[[ PROVIDED DATA open ]]

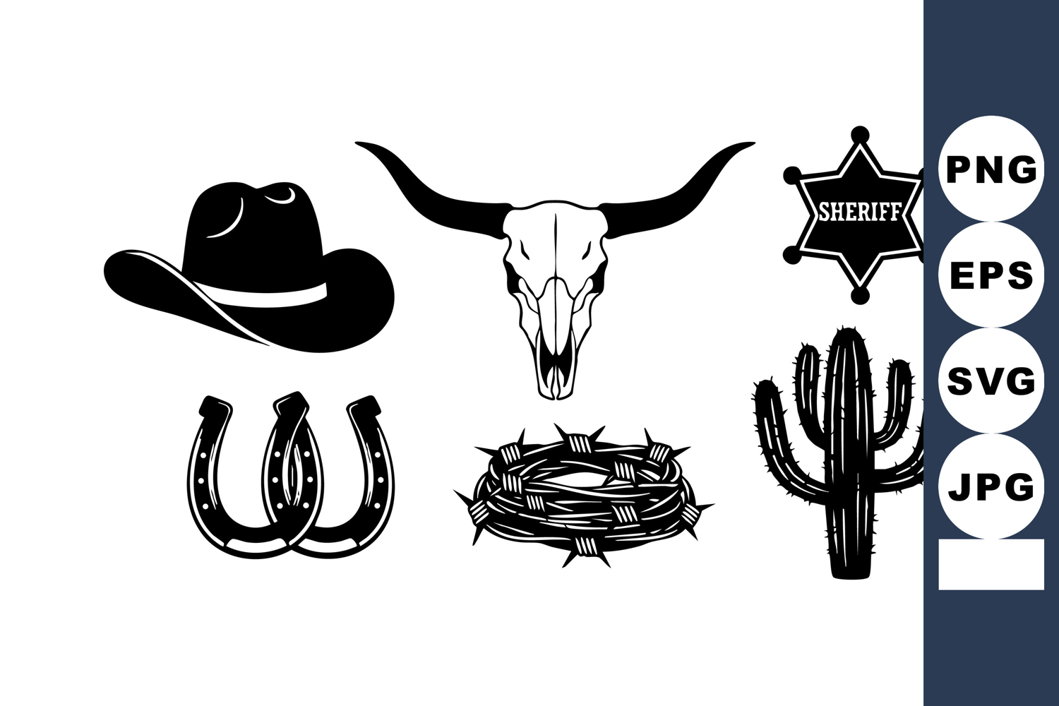 Vector set features classic western symbols including cowboy hat, longhorn skull, sheriff badge, horseshoes, barbed wire, and cactus in black silhouette style. Rustic and bold mood.
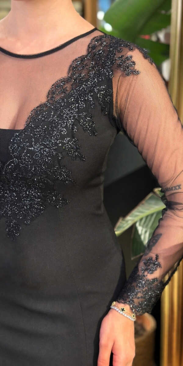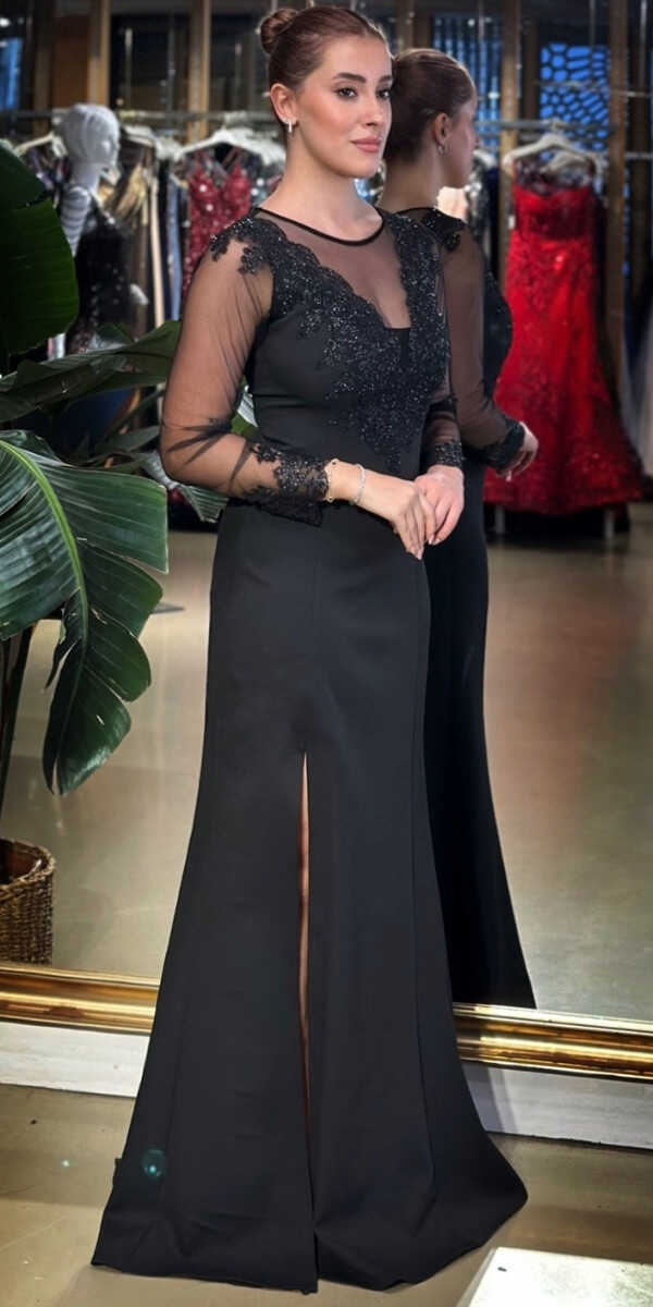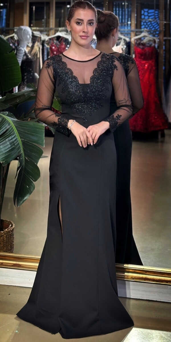 Yuvarlak Yaka Siyah Renk Düz Kesim Uzun Abiye Elbise, Krep Kumaştan Üretilmiş olup Hafif Ve Daha Az Kırışan Krep Kumaş Sizi Daha Rahat Hissettirecektir. Vücuda uyum sağlayan likralı kumaş, dinamik bir duruş kazandırır. Uzun kollarıyla, kollarınızı zarif bir şekilde kapatır. Yırtmaç Detayı Cesur ve Çarpıcı Bir Stil Sunacaktır.
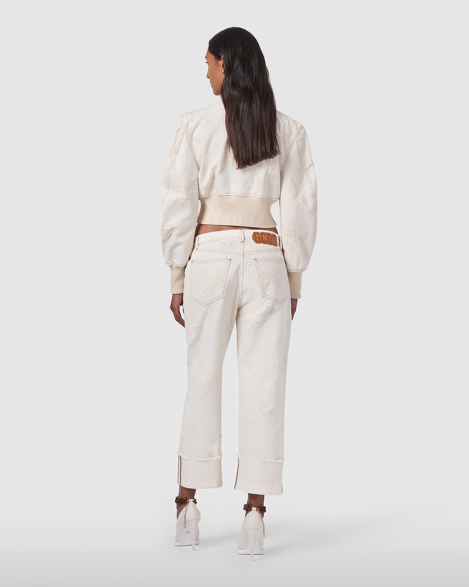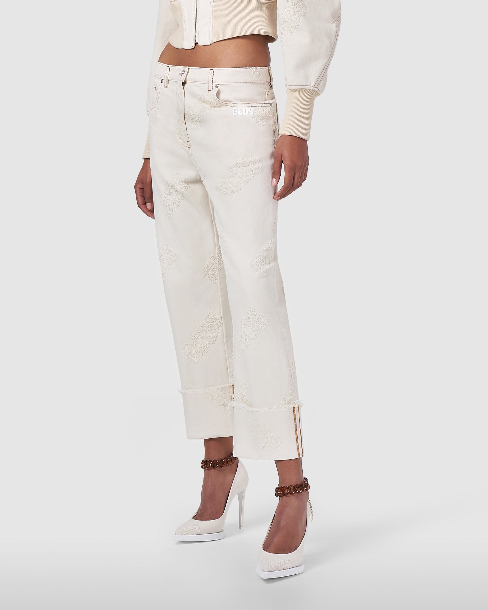 Low-waisted GCDS denim jeans with bouclé effect laser logo and contrasting tobacco-colored topstitching. Raw-cut at the bottom and turn-up with contrasting topstitching. Regular fit, loose leg cut.
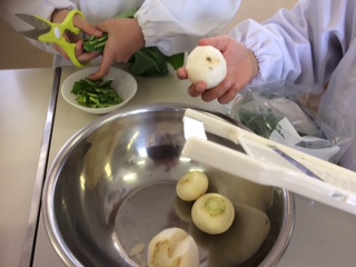 3年生は学習園で育てた伝統野菜ー田辺大根と天王寺かぶらーを使って、家庭科室でお漬物を作りました。栄養教諭も事前指導と当日の授業を担任と一緒に行いました。
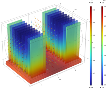 通过 COMSOL Multiphysics 的 CFD 模块,分别对两种风扇装配方案进行了稳态热流体仿真。在“同侧同向吹风”配置中,两个风扇均安装在散热塔的同一侧,将冷空气同时推向鳍片,模拟了传统串联风扇的模式。而在“两侧对向吹风”配置中,两个风扇则分别安装在两个散热塔的外侧,并向中间对向吹风,创造了一个在双塔之间形成高压区域的独特流场。仿真结果清晰地揭示了两种风扇布局的显著差异。
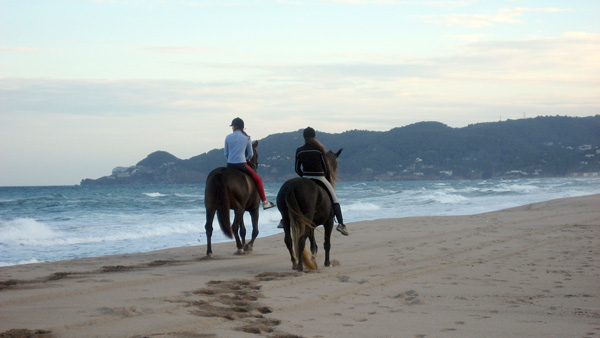 Dag 3 ¡¡¡VAMOS A LA PLAYA !!! Efter en tidigast start travar ni era hästar 1 km ner till stranden. Rosasbuktens långa kurva sträcker sig framför er, kilometervis av gyllene sand. Här njuter ni av utmärkta galopper och galopper på stranden. Efter strandritten beger ni er inåt landet igen efter floden Fluviá, förbi ett fågelskyddsområde där ni kan se flockar av flyttfåglar. Terrängen är platt med massor av risfält

[[ PROVIDED DATA closed ]]

◆ EXERCISE AIM ◆
Leave the pictures out, then output exactly the lines from the "3年生は学習園で育てた伝統野" line through the end of the records above, and no others.

◆ EXERCISE RESULT ◆
 3年生は学習園で育てた伝統野菜ー田辺大根と天王寺かぶらーを使って、家庭科室でお漬物を作りました。栄養教諭も事前指導と当日の授業を担任と一緒に行いました。
 通过 COMSOL Multiphysics 的 CFD 模块,分别对两种风扇装配方案进行了稳态热流体仿真。在“同侧同向吹风”配置中,两个风扇均安装在散热塔的同一侧,将冷空气同时推向鳍片,模拟了传统串联风扇的模式。而在“两侧对向吹风”配置中,两个风扇则分别安装在两个散热塔的外侧,并向中间对向吹风,创造了一个在双塔之间形成高压区域的独特流场。仿真结果清晰地揭示了两种风扇布局的显著差异。
 Dag 3 ¡¡¡VAMOS A LA PLAYA !!! Efter en tidigast start travar ni era hästar 1 km ner till stranden. Rosasbuktens långa kurva sträcker sig framför er, kilometervis av gyllene sand. Här njuter ni av utmärkta galopper och galopper på stranden. Efter strandritten beger ni er inåt landet igen efter floden Fluviá, förbi ett fågelskyddsområde där ni kan se flockar av flyttfåglar. Terrängen är platt med massor av risfält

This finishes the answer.